Past performance is no guide to future performance and persons needing advice should consult an independent financial adviser. No statement in this announcement is intended to be a profit forecast.

A copy of this announcement will be made available, free of charge subject to certain restrictions relating to persons resident in restricted jurisdictions, at www.asiarmplc.com by no later than 12 noon (London time) on the Business Day following the date of this announcement. Neither the content of the Company's website nor the content of any websites accessible from hyperlinks on the Company's website (or any other websites) is incorporated into, or forms part of, this announcement.

The directors of the Company accept responsibility for the information contained in this announcement relating to the Company. To the best of the knowledge and belief of the directors of the Company (who have taken all reasonable care to ensure that such is the case), the information contained in this announcement is in accordance with the facts and does not omit anything likely to affect the import of such information.

Please be aware that addresses, electronic addresses and certain information provided by Company shareholders, persons with information rights and other relevant persons for the receipt of communications from the Company may be provided to ACE during the offer period where requested under Section 4 of Appendix 4 of the City Code.

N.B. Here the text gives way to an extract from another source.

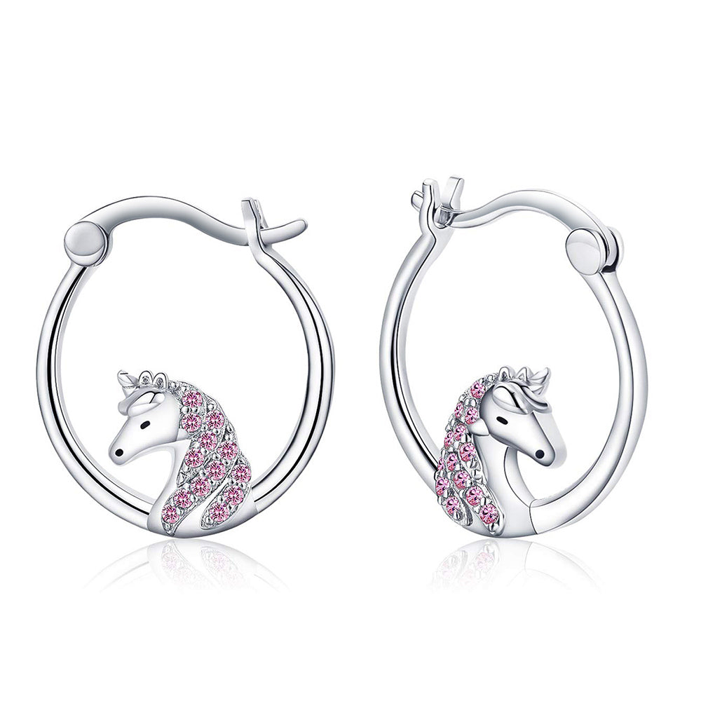 Pendientes clásicos de aro de unicornio con circonitas pequeñas y exquisitas

N M Rothschild & Sons Limited ("Rothschild"), which is authorised by the Prudential Regulation Authority and regulated by the Financial Conduct Authority and the Prudential Regulation Authority in the United Kingdom, is acting exclusively for the Company and for no one else in connection with the subject matter of this announcement and will not be responsible to anyone other than the Company for providing the protections afforded to its clients or for providing advice in connection with the subject matter of this announcement.